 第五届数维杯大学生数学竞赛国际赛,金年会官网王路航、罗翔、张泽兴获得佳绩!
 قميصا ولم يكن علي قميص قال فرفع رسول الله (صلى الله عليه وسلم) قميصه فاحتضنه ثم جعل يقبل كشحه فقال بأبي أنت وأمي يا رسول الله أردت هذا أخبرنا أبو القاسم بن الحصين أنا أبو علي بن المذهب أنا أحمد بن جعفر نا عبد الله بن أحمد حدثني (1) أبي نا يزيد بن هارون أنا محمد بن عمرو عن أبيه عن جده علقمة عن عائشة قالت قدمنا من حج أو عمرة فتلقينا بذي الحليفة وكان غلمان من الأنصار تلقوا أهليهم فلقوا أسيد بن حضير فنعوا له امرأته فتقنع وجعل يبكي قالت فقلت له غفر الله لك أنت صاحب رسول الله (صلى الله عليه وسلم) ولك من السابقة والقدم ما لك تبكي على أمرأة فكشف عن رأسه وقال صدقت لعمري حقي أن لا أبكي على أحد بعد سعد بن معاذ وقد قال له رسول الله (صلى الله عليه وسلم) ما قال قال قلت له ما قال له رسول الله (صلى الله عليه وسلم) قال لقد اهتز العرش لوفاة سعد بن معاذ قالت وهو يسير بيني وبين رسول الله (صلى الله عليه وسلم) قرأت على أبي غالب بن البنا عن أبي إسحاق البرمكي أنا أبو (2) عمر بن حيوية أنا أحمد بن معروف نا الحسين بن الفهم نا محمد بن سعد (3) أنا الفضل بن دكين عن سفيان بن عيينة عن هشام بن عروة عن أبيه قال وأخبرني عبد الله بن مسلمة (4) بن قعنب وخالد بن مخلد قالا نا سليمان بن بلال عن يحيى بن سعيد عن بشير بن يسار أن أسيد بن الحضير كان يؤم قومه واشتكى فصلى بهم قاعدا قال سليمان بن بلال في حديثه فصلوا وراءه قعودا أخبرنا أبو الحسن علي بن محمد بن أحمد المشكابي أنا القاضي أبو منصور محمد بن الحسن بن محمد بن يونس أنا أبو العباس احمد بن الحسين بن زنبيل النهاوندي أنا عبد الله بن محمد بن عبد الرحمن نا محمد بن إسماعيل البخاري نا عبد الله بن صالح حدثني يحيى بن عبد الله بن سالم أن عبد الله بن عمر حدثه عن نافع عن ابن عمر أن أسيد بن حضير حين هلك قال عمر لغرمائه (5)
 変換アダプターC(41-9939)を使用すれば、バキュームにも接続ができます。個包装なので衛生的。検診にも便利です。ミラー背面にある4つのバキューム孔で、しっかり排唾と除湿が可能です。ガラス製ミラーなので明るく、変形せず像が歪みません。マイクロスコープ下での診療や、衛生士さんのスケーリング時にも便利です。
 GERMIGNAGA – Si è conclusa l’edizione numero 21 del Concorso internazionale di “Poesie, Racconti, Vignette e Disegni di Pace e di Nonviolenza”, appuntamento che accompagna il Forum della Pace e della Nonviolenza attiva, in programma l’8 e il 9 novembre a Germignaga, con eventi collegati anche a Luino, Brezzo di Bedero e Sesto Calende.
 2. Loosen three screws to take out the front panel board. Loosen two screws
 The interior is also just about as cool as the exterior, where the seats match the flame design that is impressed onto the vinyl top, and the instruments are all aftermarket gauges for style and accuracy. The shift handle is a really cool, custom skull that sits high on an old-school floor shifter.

_ _ _

Task to complete: Each record must be transcribed exactly, with nothing left out.

Answer section:
 第五届数维杯大学生数学竞赛国际赛,金年会官网王路航、罗翔、张泽兴获得佳绩!
 قميصا ولم يكن علي قميص قال فرفع رسول الله (صلى الله عليه وسلم) قميصه فاحتضنه ثم جعل يقبل كشحه فقال بأبي أنت وأمي يا رسول الله أردت هذا أخبرنا أبو القاسم بن الحصين أنا أبو علي بن المذهب أنا أحمد بن جعفر نا عبد الله بن أحمد حدثني (1) أبي نا يزيد بن هارون أنا محمد بن عمرو عن أبيه عن جده علقمة عن عائشة قالت قدمنا من حج أو عمرة فتلقينا بذي الحليفة وكان غلمان من الأنصار تلقوا أهليهم فلقوا أسيد بن حضير فنعوا له امرأته فتقنع وجعل يبكي قالت فقلت له غفر الله لك أنت صاحب رسول الله (صلى الله عليه وسلم) ولك من السابقة والقدم ما لك تبكي على أمرأة فكشف عن رأسه وقال صدقت لعمري حقي أن لا أبكي على أحد بعد سعد بن معاذ وقد قال له رسول الله (صلى الله عليه وسلم) ما قال قال قلت له ما قال له رسول الله (صلى الله عليه وسلم) قال لقد اهتز العرش لوفاة سعد بن معاذ قالت وهو يسير بيني وبين رسول الله (صلى الله عليه وسلم) قرأت على أبي غالب بن البنا عن أبي إسحاق البرمكي أنا أبو (2) عمر بن حيوية أنا أحمد بن معروف نا الحسين بن الفهم نا محمد بن سعد (3) أنا الفضل بن دكين عن سفيان بن عيينة عن هشام بن عروة عن أبيه قال وأخبرني عبد الله بن مسلمة (4) بن قعنب وخالد بن مخلد قالا نا سليمان بن بلال عن يحيى بن سعيد عن بشير بن يسار أن أسيد بن الحضير كان يؤم قومه واشتكى فصلى بهم قاعدا قال سليمان بن بلال في حديثه فصلوا وراءه قعودا أخبرنا أبو الحسن علي بن محمد بن أحمد المشكابي أنا القاضي أبو منصور محمد بن الحسن بن محمد بن يونس أنا أبو العباس احمد بن الحسين بن زنبيل النهاوندي أنا عبد الله بن محمد بن عبد الرحمن نا محمد بن إسماعيل البخاري نا عبد الله بن صالح حدثني يحيى بن عبد الله بن سالم أن عبد الله بن عمر حدثه عن نافع عن ابن عمر أن أسيد بن حضير حين هلك قال عمر لغرمائه (5)
 変換アダプターC(41-9939)を使用すれば、バキュームにも接続ができます。個包装なので衛生的。検診にも便利です。ミラー背面にある4つのバキューム孔で、しっかり排唾と除湿が可能です。ガラス製ミラーなので明るく、変形せず像が歪みません。マイクロスコープ下での診療や、衛生士さんのスケーリング時にも便利です。
 GERMIGNAGA – Si è conclusa l’edizione numero 21 del Concorso internazionale di “Poesie, Racconti, Vignette e Disegni di Pace e di Nonviolenza”, appuntamento che accompagna il Forum della Pace e della Nonviolenza attiva, in programma l’8 e il 9 novembre a Germignaga, con eventi collegati anche a Luino, Brezzo di Bedero e Sesto Calende.
 2. Loosen three screws to take out the front panel board. Loosen two screws
 The interior is also just about as cool as the exterior, where the seats match the flame design that is impressed onto the vinyl top, and the instruments are all aftermarket gauges for style and accuracy. The shift handle is a really cool, custom skull that sits high on an old-school floor shifter.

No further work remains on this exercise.